Unfortunately, even with the current work on
FLUID-1148, this issue is still not resolved - it is more problematic than it appears, and some of the analysis above isn't quite right.
The issue arises because we are using "natural DOM flowing" for layout. Therefore elements (and indeed also the drop marker!) will naturally tend to appear "just where there is room for them". So the current behaviour is actually consistent, and undesirable - there is "almost always" room for a drop marker at the end of a row, but there is "never" room for a whole cell (since otherwise it would have appeared there). Therefore the drop marker always appears at the end of the "first row" (in Anastasia's walkthrough), but the actual item always appears at the start of the second row.
It's hard to see on the face of it how we could resolve this, except by some rather odd requirements on the way we create drop markers (or the way we conceive of cells). One way to do this would be to create the drop marker *inside* the cell which starts the 2nd row - however, this represents a form of "DOM fascism" and may well in some cases create invalid markup (imagine the case where a cell is a <tr>).
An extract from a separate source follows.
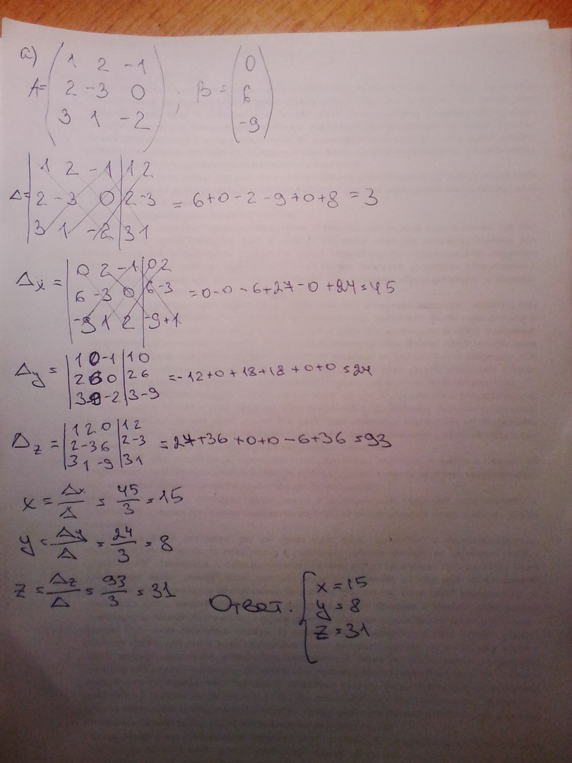 Решите систему линейных алгебраических уравнений: а) по формулам Крамера; б) методом

Well, actually, the above issue highlights some further problems - we could never actually have a drop marker within a table that was not itself a <tr> element. Therefore it seems the only way out of this is to add a parameterisation for the drop marker placement "strategy" as well as its creation.
1. Dragging on the first item in a row (Left half of thumbnail):
We should show the drop affordance directly to the left of the item.
2. Dragging on the last item in a row (Right half of thumbnail):
We should show the drop affordance to the left of the first item in the NEXT row.